I don’t use anything Australia specific. My domain is registered with Namecheap and I also use their DNS service. Works well. They give you an option of a paid “advance” DNS as well if you want.

Every cloud provider runs their DNS services too.
I, for instance, use Vultr for my VMs infra. They give you DNS service for free. I don’t use their DNS, but it is there for me if I want it.

What kind of problems are you facing?

Okay this is a very obvious question and I am displaying my ignorance here. But do you need to have a domain to use a DNS service?? Because when I approached DNS service providers and explained to them I need a service that diverts traffic from a DNS to my changing dynamic IP they look at me blankly and tell me they don’t support such a thing. Am I missing the fact that you need a domain name first to point the traffic to in the first place, then route that to my dynamic IP? But also I’m confused how such a service is able to keep track of my changing dynamic IP, how does it know what it changes to? I understand the service would run a script to check if my IP changes but how does it find my new IP if it doesn’t know where to ping to??? And also because my pool is run at my home in Australia I would definitly want an Australian based DNS so that latency is at its lowest correct? I wouldn’t want it have to route through the US or UK for example correct?

Ah, don’t even know where to start :slight_smile:
So many wrongs here. Let’s try and untangle this.
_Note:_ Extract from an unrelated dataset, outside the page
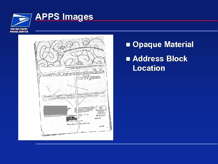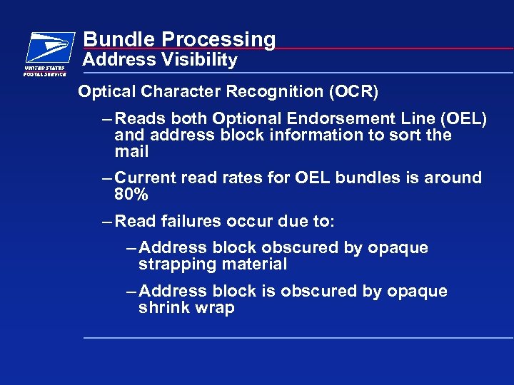 Bundle Processing Address Visibility Optical Character Recognition (OCR) – Reads both Optional Endorsement Line (OEL) and address block information to sort the mail – Current read rates for OEL bundles is around 80% – Read failures occur due to: – Address block obscured by opaque strapping material – Address block is obscured by opaque shrink wrap

First, you cannot have a dynamic IP with your DNS. Full stop.
There is a DDNS service to manage and update your DNS records with dynamic IPs but this is beyond this discussion.

You need to get a static IP. I cannot suggest anything as I don’t know your infra setup. Get a static IP from your ISP or “persist” one given to you by your cloud provider.

Yes, you need a domain name. Purchase one.
Once your domain name is yours, either keep it on your domain issuer DNS server or move it to the DNS servers of your choosing.
Add an A record to your domain and assign your static IP to the host you just created.
So if your domain is “”, and you create an A record “coolnode” with your IP assigned to it, your pool will be accessible via “”.
If you decide to change your IP address, you’ll need to update your DNS record with the new IP. It takes around 4 hours for the DNS to propagate across the world (roughly).

It doesn’t matter where your pool is. DNS is propagated and synced across all DNS servers. You can register your DNS in Ukraine and you can still query an Australian DNS server to resolve your host.

Routing and DNS are completely different animals. DNS is just a global service to resolve your hostname to an IP address. Routing is the IP layer. Routing uses algorithms which are beyond this discussion.
You can ping Perth from Sydney and it will go through Japan. You cannot control this unless you are an ISP and control the edge routers.

All the above is irrelevant to you as a PO. Your pool can be contacted by any other pool in the world which can be located in Antarctica, and it can take an unpredictable route. It will take “the shortest path”. If going from Sydney to Perth via Tokyo is considered “the shortest path” by the routing algorithm, it will take that route.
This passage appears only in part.